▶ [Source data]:
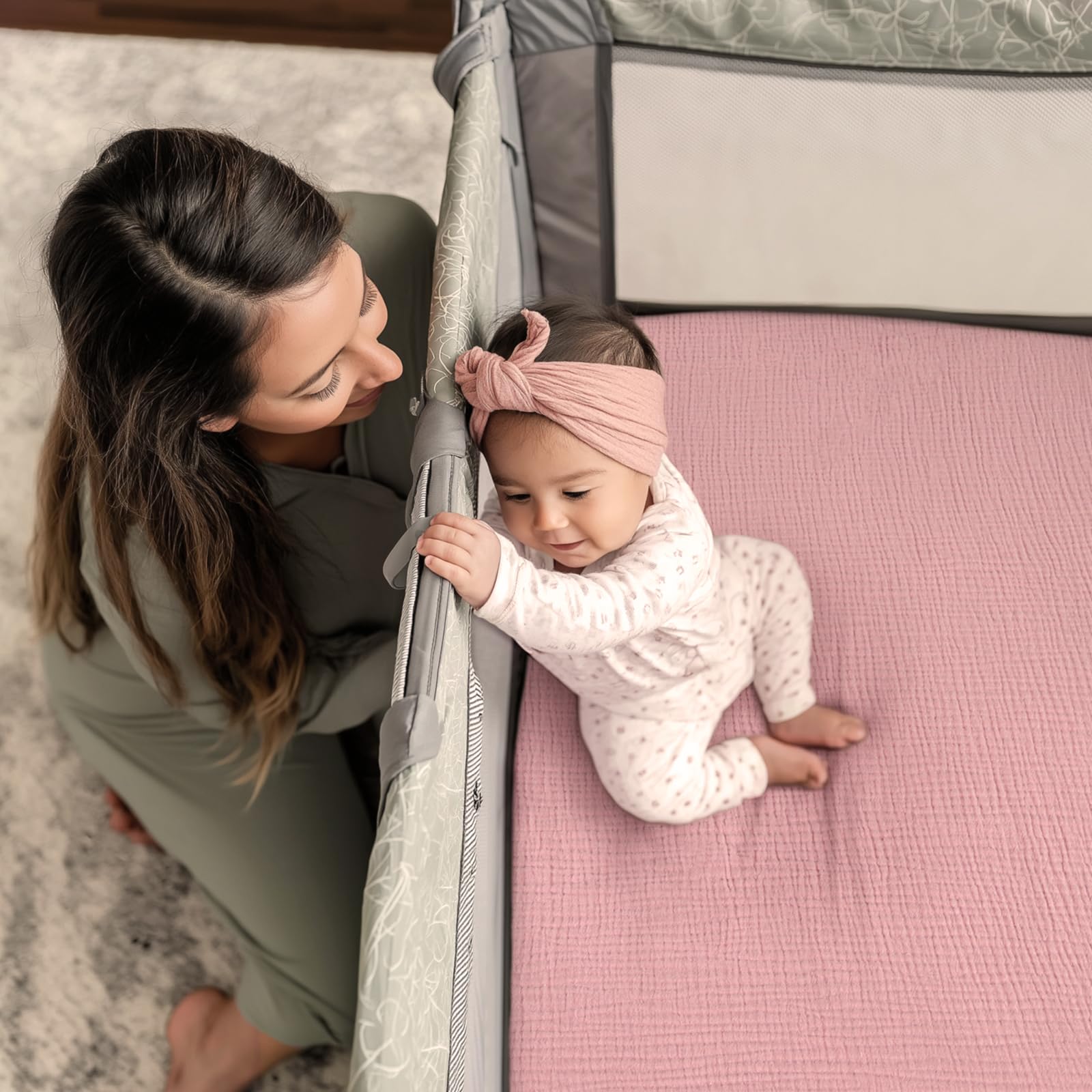 Snug & Secure Fit: Each sheet features an all-around elastic edge that wraps snugly around crib mattresses. This ensures the sheet won’t shift or bunch up, even when babies roll, kick, or move. Designed to match 4moms Pack and Play, it keeps your baby safe and comfortable during every active moment.
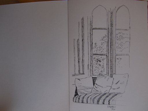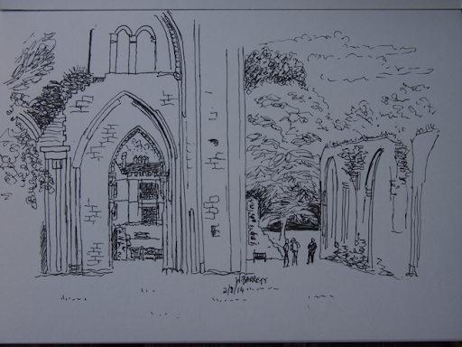 One of the common rooms at Abbey House above and below are two sketches I did - again with no preliminary pencil work. My two lovely subjects, Denise and Christine are much lovelier in the flesh than my unflattering scribbles show, but they were generous in their praise nonetheless!
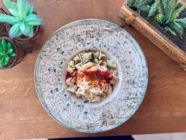 Yoğurt ve tereyağı sos ile. (sarımsak isteğe göre)
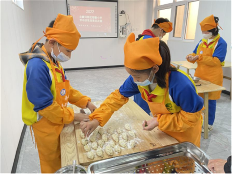 秦皇岛市北戴河新区一所小学开展的活动中,学生们正在包饺子。
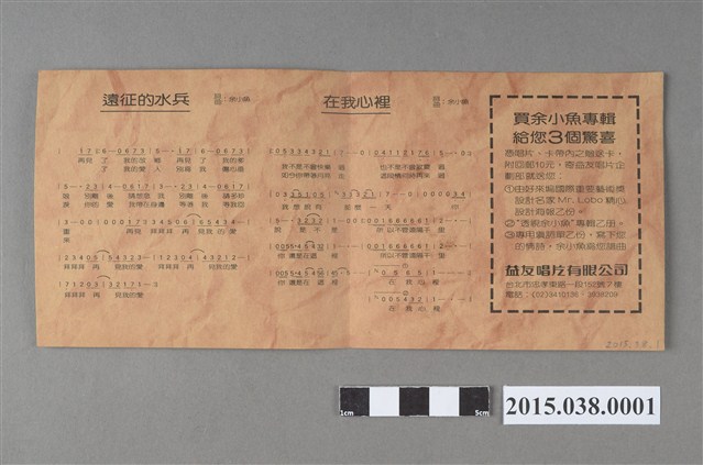 益友唱片公司出品余小魚「遠征的水兵」專輯唱片,宣傳1980年代音樂專輯,背面有〈遠征的水兵〉、〈在我心理〉簡譜。
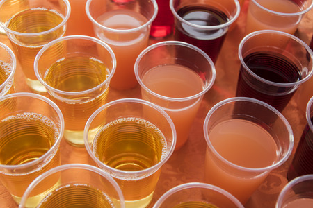 Red, strong alcoholic drink in small glasses on bar waiting to be served
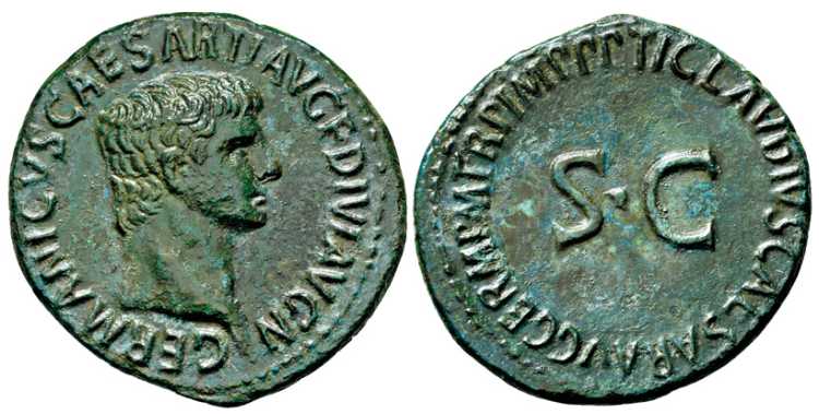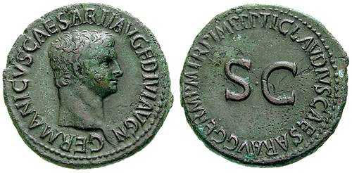 Germanicus Æ As struck under Claudius. GERMANICVS CAESAR TI AVG F DIVI AVG N, bare head right / TI CLAVDIVS CAESAR AVG GERM P M TR P IMP P P around large SC. Cohen 9.

▶ [YOUR GOAL]: Restate the records above word for word. Skip every picture.

▶ [RESPONSE FOR THIS EXERCISE]:
 Snug & Secure Fit: Each sheet features an all-around elastic edge that wraps snugly around crib mattresses. This ensures the sheet won’t shift or bunch up, even when babies roll, kick, or move. Designed to match 4moms Pack and Play, it keeps your baby safe and comfortable during every active moment.
 One of the common rooms at Abbey House above and below are two sketches I did - again with no preliminary pencil work. My two lovely subjects, Denise and Christine are much lovelier in the flesh than my unflattering scribbles show, but they were generous in their praise nonetheless!
 Yoğurt ve tereyağı sos ile. (sarımsak isteğe göre)
 秦皇岛市北戴河新区一所小学开展的活动中,学生们正在包饺子。
 益友唱片公司出品余小魚「遠征的水兵」專輯唱片,宣傳1980年代音樂專輯,背面有〈遠征的水兵〉、〈在我心理〉簡譜。
 Red, strong alcoholic drink in small glasses on bar waiting to be served
 Germanicus Æ As struck under Claudius. GERMANICVS CAESAR TI AVG F DIVI AVG N, bare head right / TI CLAVDIVS CAESAR AVG GERM P M TR P IMP P P around large SC. Cohen 9.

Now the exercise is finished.